L’Iran, héritier de la Perse antique, civilisée et cultivée, n’est pas le Venezuela. On aurait dû l’en informer. Le fanatisme enchaîne ses débordements. Quand reverrons-nous les roses d’Ispahan, quand rejoindrons nous Shéhérazade, née pour être libre ? Il va bien falloir protéger de la rouille le porte-avions USS Abraham Lincoln ! Ça doit bouillir sous une mèche blonde ! La preuve, il y a quelques jours qu’on n’entend -presque- plus la Maison Blanche ? Pendant ce temps, l’impénétrable Vladimir Poutine, après avoir fait semblant d’arrêter quelques instant les combats sur la ligne de fond ukrainienne, redouble ses bombardements. Tous terroristes ! En attendant, et pour alimenter les chaines d’information en continu, les émissaires de tous les pays impliqués ou concernés (Le savez-vous ? Dans les œufs au bacon, la cocotte est concernée, le cochon, lui, est sérieusement impliqué) n’arrêtent pas de se téléphoner et de se réunir pour décider de la date et du lieu de la prochaine réunion.
Sale temps pour le bilan carbone !
Le bon Dieu a lâché le manche à balai. Le monde est devenu une impressionnante cour de récréation où les balles ont remplacé les billes, au prétexte que « c’est toi qui a commencé le premier, Na ! ». Pourtant ça y est, à force de ruse « lecornesque » et de fatigues parlementaires éprouvantes, la France a un budget.
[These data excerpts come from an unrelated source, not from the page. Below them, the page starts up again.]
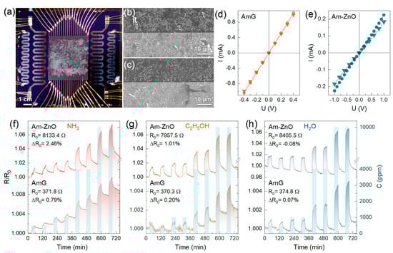 Given the information on the morphology and chemistry of AmG- and Am-ZnO, both materials were tested as a gas-sensing layer for the multisensor e-nose chips applied over the Si substrate equipped with multiple co-planar electrodes (see Materials and Methods). Figure 4a exhibits an optical photo of the developed chip composed of the AmG layer, exhibiting the same morphology as the one based on Am-ZnO. Figure 4b,c display the morphology of the AmG and Am-ZnO layers, respectively, in their thinnest parts. As one can see, the deposited films in both cases are presented as arrays of overlapping Am/Am-ZnO flakes, 1–10 μm in size, forming a conductive layer to cover the substrate and the measuring electrodes. Notably, the wrinkling of the flakes discussed in previous sections can be clearly seen, yielding a higher specific surface area of the gas-sensing layer. To verify the ohmic contact between the graphene-based layers and the measuring electrodes, the current–voltage characteristic (I-V) was recorded in dry air (Figure 4d,e). For the AmG layer, a linear I-V curve was observed, whereas slight non-linearity with a mismatch between the forward and backward scans was observed in the Am-ZnO case. We assumed that this was related to the formation of the Schottky barrier at the hybrid interface between the ZnO NPs and the AmG layer due to the work function differences (3.37 eV and 4.3 eV, respectively [14,23]), which further significantly separated the charge carriers and promoted the spatial charge transfer via the built-in electric field [15]. This fact is also reflected by a significant (more than one magnitude) enhancement of the layer’s average resistance upon moving from AmG to Am-ZnO, from ca. 370 Ω to ca. 8000 Ω, as observed by comparing the I-V characteristics of the materials under study. Thus, the acquired I-V curves imply the absence of significant potential barriers at the interface between the gas-sensing layer and the measuring electrodes, while also indicating the possible formation of an Am-ZnO p-n heterojunction interface, enhancing sensitivity towards gas molecules.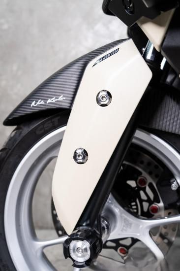 ヤマハ NMAX(2025年モデル)対応のフロントフォークスライダーです。転倒時のフロントフェンダーやフォーク、ホイール周辺を保護する実用性と、ドレスアップ効果を兼ね備えたカスタムパーツです。走行時の存在感を高めるアルマイトカラー仕上げで、愛車の足元にスポーティな印象をプラスします。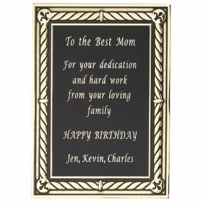 Black screened aluminum plate with Florentine edges. 5" L x 7" W

Alléluia, on n’y croyait plus ! Personne ne sait exactement ce qu’on y trouve, mais plus personne n’en parle.
La campagne pour les élections municipales démarre fort à Paris, entre invectives et noms d’oiseaux. Dans nos campagnes, l’affrontement se fait souvent moins rude. Les « listes se dévoilent », étonnent parfois.
La mode des binômes « édilaires » se propage à l’envie. Le « Une paire pour Maire » devient à la mode. On commente, on s’écharpe, on s’impatiente. Mais on se connait, ce qui amortit les secousses. Nos élites nationales, toujours avec un train d’avance, ne se préoccupent guère que de la prochaine échéance présidentielle. Les candidats déclarés ou présumés poussent comme des champignons. Comme le dit un sachant bien informé, il y aura bientôt plus de candidats que d’électeurs ! Primaires, pas primaires, tirage au sort, courte paille ou chamboule tout, faudrait savoir. Alerte : quelqu’un s’occupe-t-il des préoccupations des citoyens ? Qu’ils se débrouillent entre les crimes quotidiens devenus banals, les cyberattaques généralisées, les agressions sexuelles, les violences, les refus d’obtempérer, et autres inquiétantes incivilités.
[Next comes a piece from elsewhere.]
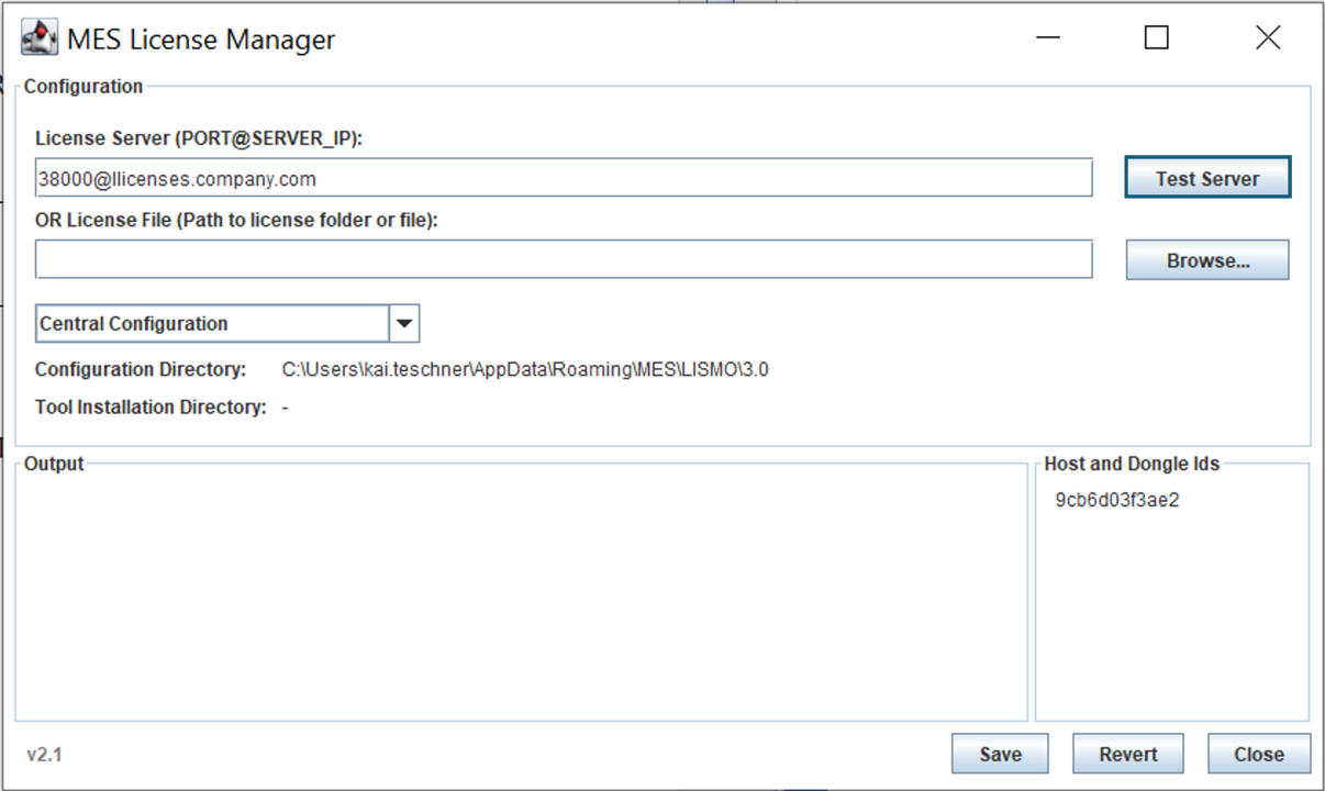 The MES License Manager for configuring the licenses for all MES tools can be started during the installation and in the MES tool directory by double-clicking "LicenseManager.jar."

Sale temps pour la démocratie !
Point trop encore chez nous, dans nos campagnes : « Les associations font vivre les villages » titrait la Montagne le 13 janvier dernier, prenant pour exemple la modeste commune de Merlines, au nord de la haute Corrèze, aux confins de la Creuse, le Puy de Dôme et le Cantal ; sept cents âmes, cinq cents électeurs. Certes, les commerces s’éteignent, mais on y affiche au moins douze associations dynamiques qui prennent le relais et animent le bourg. « Pétanque, foot, rugby, comité des fêtes, vielles ferrailles … ». Ca bouge autant l’hiver que l’été » dit-on.
Autre exemple : l’année dernière, lors du grand jury du Prix de la Démocratie (créé par le centre Marc Sangnier, repris par Ouest France), se présentait une petite commune de Dordogne, Verteillac, cinq cent âmes que le maire, un jeune entrepreneur retraité, a su mobiliser, en les regroupant, élus ou non, autour de quelques projets vitaux. Quatre ou cinq commerçants se sont installés dans le village. Un centaine d’évènements annuels ont été produits. Quelques dizaines de nouveaux habitants se sont installés … Il n’est pas rare de voir éclore ici ou là quelque épicerie ou quelque bistrot, quelques librairies rurales s’installer. Ou quand l’envie de faire ensemble donne des résultats.